Herpes-zoster virus ophthalmicus as presenting sign of HIV disease
a Abia State University, Uturu, Abia, Nigeria
KeywordsChicken-pox. Herpes zoster. Varicella-Zoster. Opportunistic infection. HZO. Anti-viral. HIV/AIDS.
After a childhood episode of chicken pox, a Varicella-Zoster infection, the viral DNA reside in a dormant state in the dorsal root ganglia. The viruses get reactivated when the individual is immuno-compromised, in adulthood to cause characteristic lesions of Herpes zoster on the skin and the eyes. This case reports a 32 year old female who presented with neuralgia and clinical features of crusting skin ulcers involving the ophthalmic division of the trigeminal nerve, corneal dendritis and anterior uveitis with circumlimbal injection of the right eye. Visual acuity was OD: 6/60 and 0S:6/9. These clinical signs and symptoms were consistent with Herpes Zoster Ophthalmicus (HZO). Further medical laboratory tests showed positive for HIV and patient had a CD4+ count of 350 cells/μl of blood with a viral load of 100,000 copies/μl. Patient was subsequently treated of the Herpes zoster infection with Acyclovir (800mg) prescribed five times daily for 7 days. While, at the HIV/AIDS project facility she was placed on Hyper Active Antiretroviral therapy (HAART): Stavudine (30mg) bid for 2/12, Zidovudine (300mg) bid for 2/12 and Efavirenz (600mg) nocte for 2/12. There was complete resolution of the keratopathy, the visual acuity of OD improved to 6/12 by the 2nd month and the patient was without the experience of post herpetic neuralgia. At present (after 3 months) her CD4+ has increased to 1000 cells/μl. HIV infection should always be considered in patients younger than 65 years with Herpes zoster ophthalmicus.
Chicken pox (varicella) is a highly contagious skin disease primarily in children 2 to 7 years of age.1, 2, 3 The causative agent is the Varicella-Zoster virus, a member of the family Herpesviridae, which is acquired by droplet inhalation into the respiratory system.1 Following an incubation period from 10 to 23 days,4 small vesicles erupt on the face or upper trunk. These get filled with pus, get broken and become covered by crusting with an intense sensation of itching. Individuals who recover from chicken pox are subsequently immune to this disease; however they are not free of the virus as viral DNA resides in a dormant (latent) state in the dorsal root ganglia.5
Later in life when this primary infected person is immuno-compromised, the virus may become activated.3,6,7 The viruses migrate along afferent sensory nerves to the skin and eye where they replicate and cause the characteristic lesions.7,8 This reactivated form of chicken pox (Varicella) is termed Herpes Zoster. This report describes a HIV−2 positive patient who presented with Herpes zoster infection which affected the ophthalmic branch of the right trigeminal nerve.Case report
A 32 year old female presented to the optometric facility of Central ophthalmic clinic in Eket, with complains of burning sensation and deep lancing pain on the surface of the right eye, upper lid, anterior scalp and forehead which followed soon after few days of fever, malaise and headache. Inspection showed skin lesions on the right half of the face, the frontal and the nasociliary i.e. the ophthalmic branch of the trigeminal nerve which have formed crusting ulcers.

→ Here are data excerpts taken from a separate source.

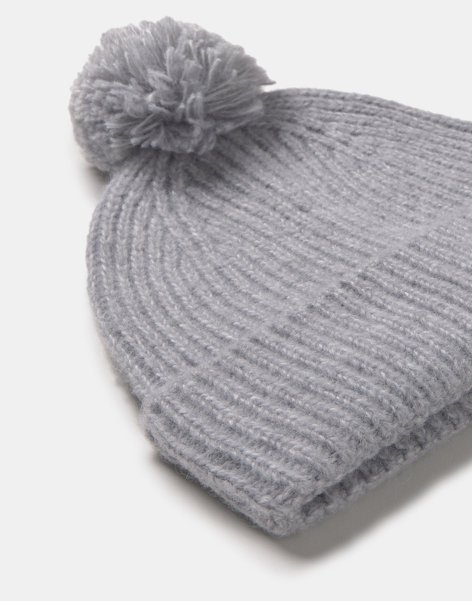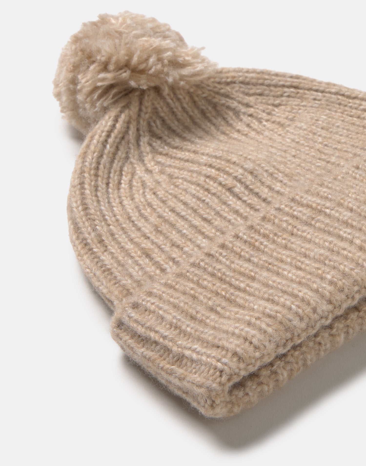 Bonnet en maille, finition revers et détail pompon.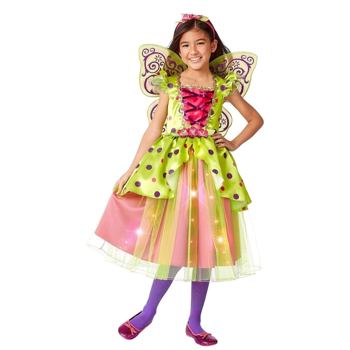 Your daughter will be sprinkling pixie dust and magic wherever she goes this Halloween when you dress her up with our Child Limelight Fairy Costume. With your purchase, you will receive everything you need to transform your daughter into the most enchanting pixie to ever flutter her wings. Featuring a stunning light up dress, a pair of beautiful wings, and a matching headband, she is going to love this one. Buy your fairy costume today!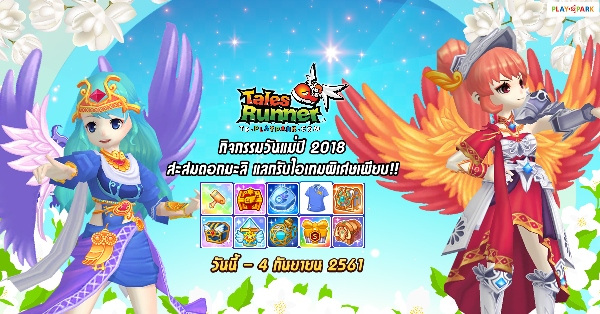 Tales Runner เกมวิ่งแข่งอันดับหนึ่งของไทย จัดกิจกรรมต้อนรับวันแม่เพื่อนักวิ่งทุกคน เพียงผู้เล่นเล่นสนามใดก็ได้ในเกม Tales runner โดยภายในเกมจะทำการสุ่มตกไอเทมดอกมะลิ และให้ผุ้เล่นนำไอเทมดอกมะลิมาแลกของรางวัลจากร้านค้าแลกเปลี่ยน ตั้งแต่วันนี้ – 4 กันยายน 61 รายละเอียดเพิ่มเติม (คลิกที่นี่) และนอกจากนี้ยังมีกิจกรรมอื่นๆอีกในแฟนเพจ สามารถติดตามรายละเอียดข่าวสารได้ที่ Playpark Tales Runner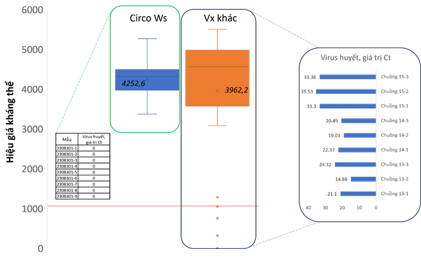 Đáp ứng miễn dịch hình thành sau tiêm vắc xin circo dẫn tới ức chế sự nhân lên của PCV2, làm giảm tải lượng virus trong máu xuống dưới ngưỡng gây bệnh. Đây cũng là một chỉ tiêu dùng để so sánh hiệu quả giữa vắc xin circo Ws với các vắc xin circo khác. Đánh giá được thực hiện với những trại dương tính PCV2 trước tiêm.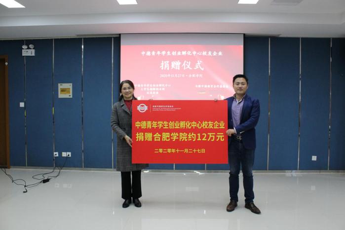 11月27日上午,我校舉行中德青年學(xué)生創(chuàng)業(yè)孵化中心(以下簡稱孵化中心)校友企業(yè)捐贈儀式,合肥學(xué)院副校長、安徽中德教育合作基金會(以下簡稱基金會)理事長陳秀出席。校計劃財務(wù)處處長、基金會秘書長何世昆,校孵化中心主任劉沛平和副主任孫虹,基金會管理辦公室副主任周舟以及孵化中心21家校友企業(yè)代表參加了捐贈儀式。儀式由基金會管理辦公室主任劉金平主持。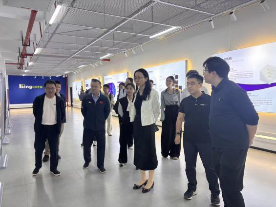 在天元智能科学研究院,宋洁书记亲自参观了机器人实验室,对企业在协作机器人、工业自动化等领域的研发进展及其应用进行了细致的调研,并与企业研发团队就机器人感知、规划与控制等前沿技术问题展开了深入的交流与探讨。在Kingcera企业展厅,宋洁书记对先进陶瓷材料在智能制造领域的创新应用进行了考察,并对企业在材料科学与智能制造交叉融合方面的积极探索给予了高度评价。
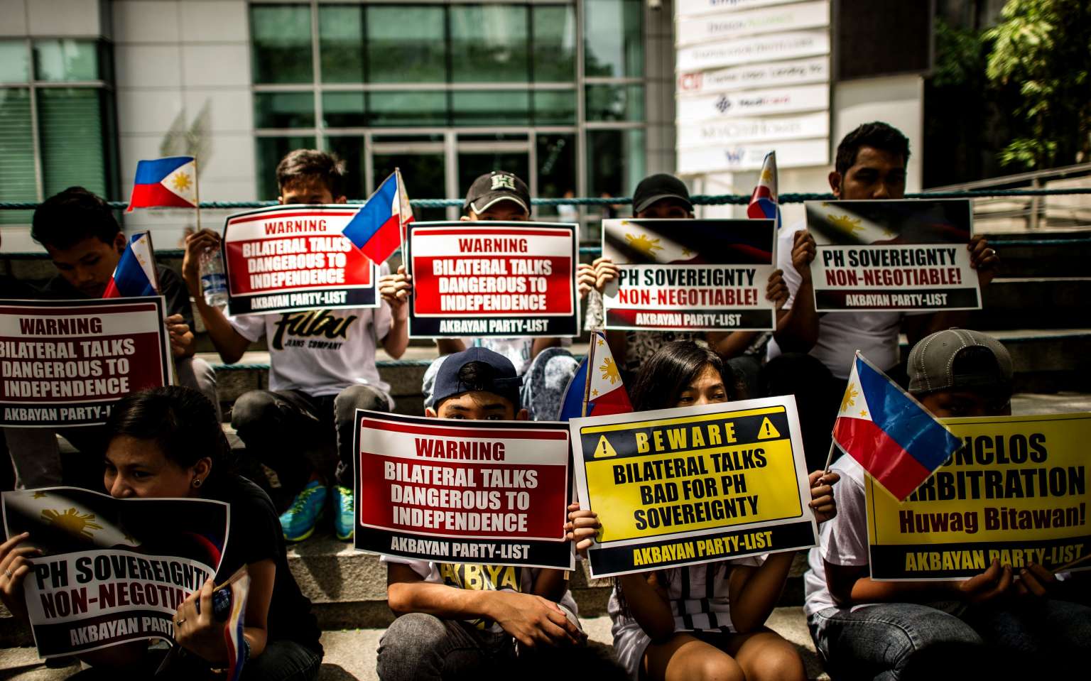 Activists hold a protest in front of the Chinese Consular Office in Manila on June 10, 2016.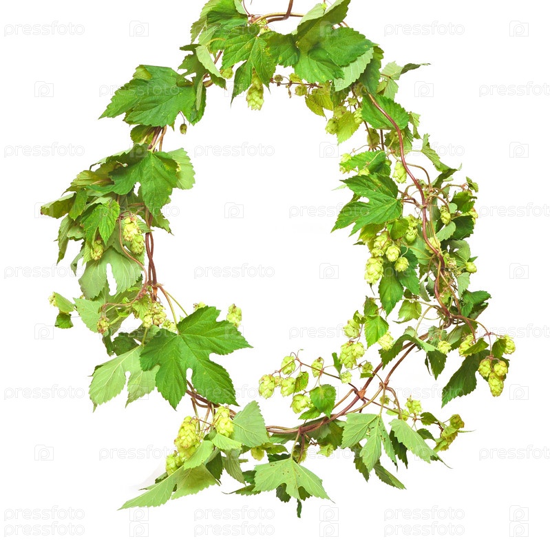 Ветка хмеля на белом фоне
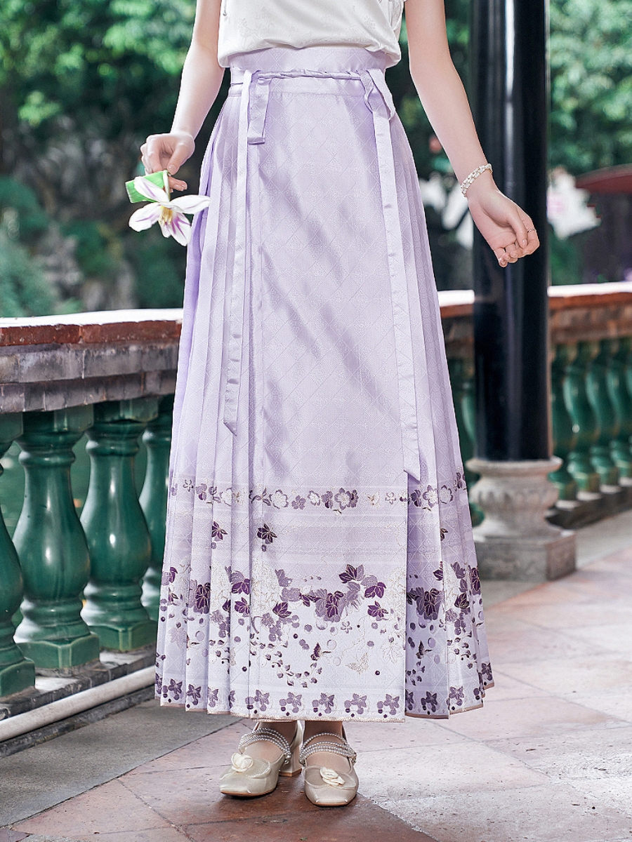 Step into a waking dream with this enchanting Hanfu skirt from GUZHI. Styled in the traditional “Mamianqun” silhouette, this piece is rendered in a beautiful soft lilac jacquard and adorned with a breathtakingly romantic print.
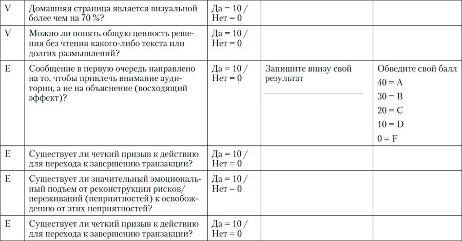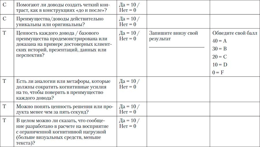 После оценки каждого стимула вы можете воспользоваться следующей таблицей для обобщения набранных оценок.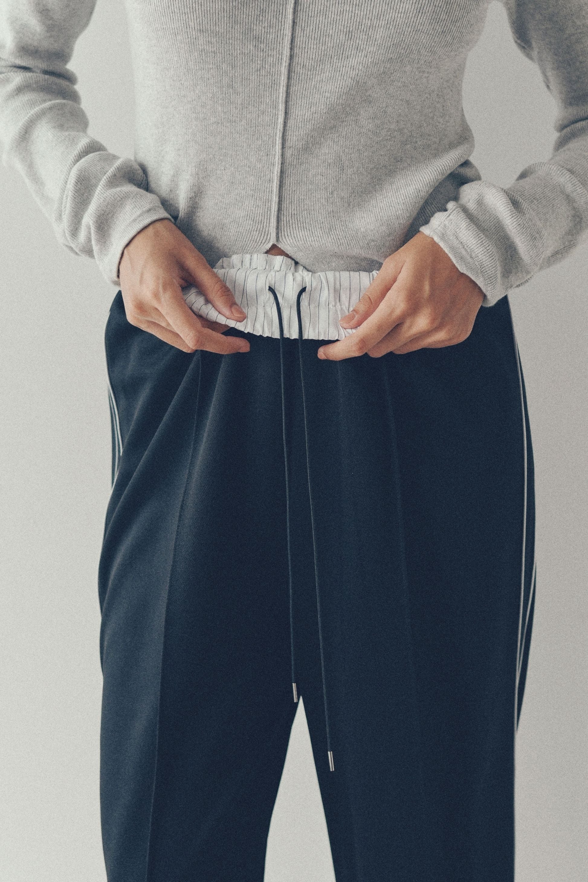 2ラインで脚長効果を叶える、抜け感トラックパンツ。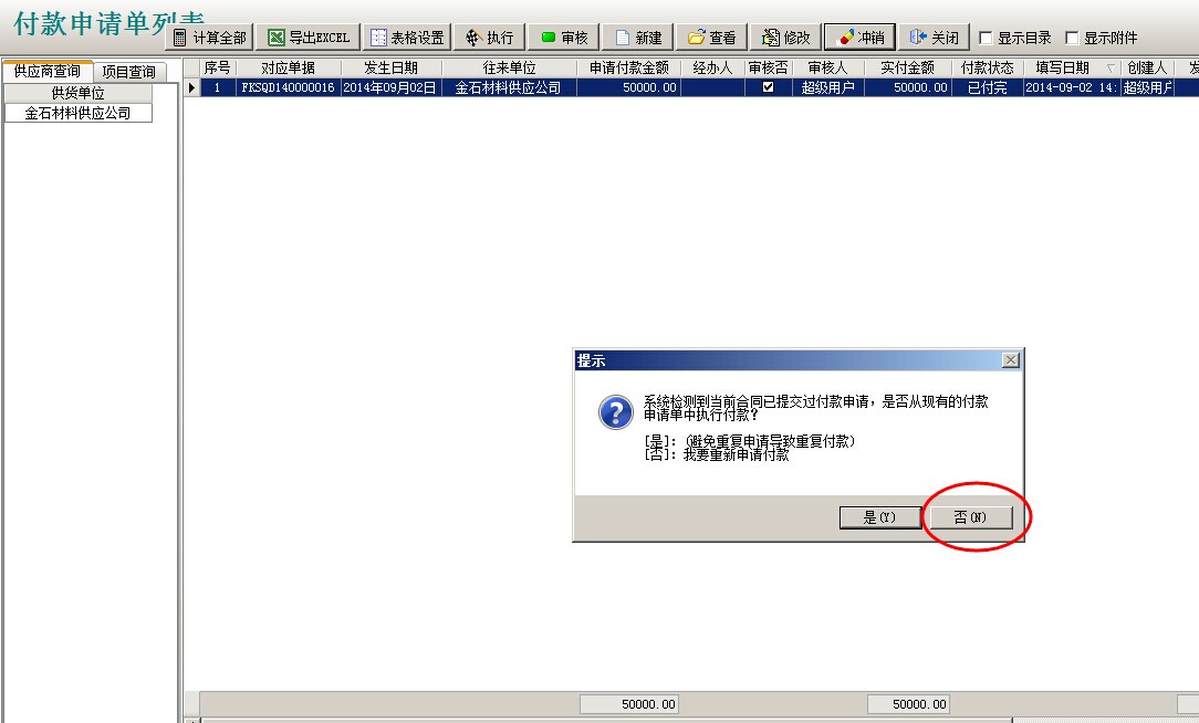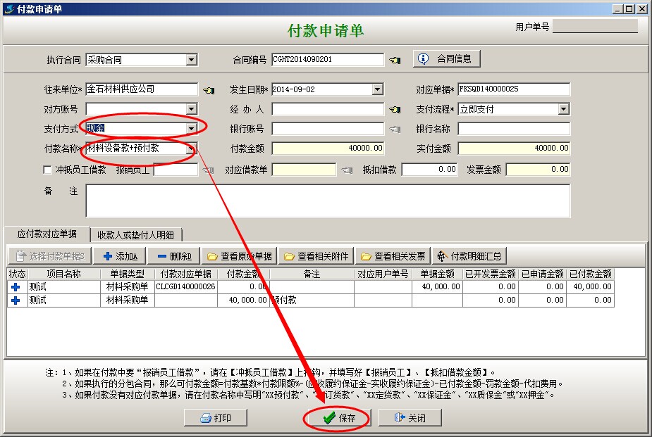 注:上圖所示;付款申請單的兩行明細為兩個材料采購單,第一行的[付款對應單據]為CLCGD140000026已付款金額40000已經等于單據金額(表示該采購單已經付完,是通過上一個付款單自動對應上的付款數),所以付款金額為0,第二行的[付款對應單據]為空,表示本項支付的款項為預付款),上面的付款名稱為材料設備款+預付款

The ocular signs were microdendritic ulcers on the right eye which were mostly peripheral with few central ones that abutted the visual axis. The microdendrites stained with Rose − Bengal. Another ocular sign on the OD was the presence of anterior uveitis with a circumlimbal injection. There was transient diplopia with restricted ocular movement when gaze was directed laterally and upward due to the involvement of the 3rd cranial nerve. Funduscopic examination revealed no retinal involvement. There was no abnormality detected (NAD) on the left eye. Visual acuity was OD: 6/60 and OS: 6/9. In addition the patient disclosed a previous childhood history of chickenpox during her primary school days, about 25 years ago. These signs and symptoms were consistent with Zoster.
Patient claimed to have enjoyed a general good health till this event, though agreed to have recently lost some weight. The patient was referred to the state owned Immanuel General Hospital, Eket for further medical laboratory tests. PCR test for Varicella − Zoster was positive. Genie II rapid HIV screening test was positive for HIV-2. The CD4+ count was 350 cells/μl blood and viral load was 100,000 copies/ml.
In the optometric facility, patient was treated for Herpes Zoster Ophthalmicus (HZO) with oral Acyclovir (800mg) prescribed 5 times daily for 7 days and topical prednisolone acetate (1%) 2 drops instilled four times daily for 7 days. The pupil of the right eye was kept dilated with Atropine (1%) of which 1drop was instilled three times daily for one week.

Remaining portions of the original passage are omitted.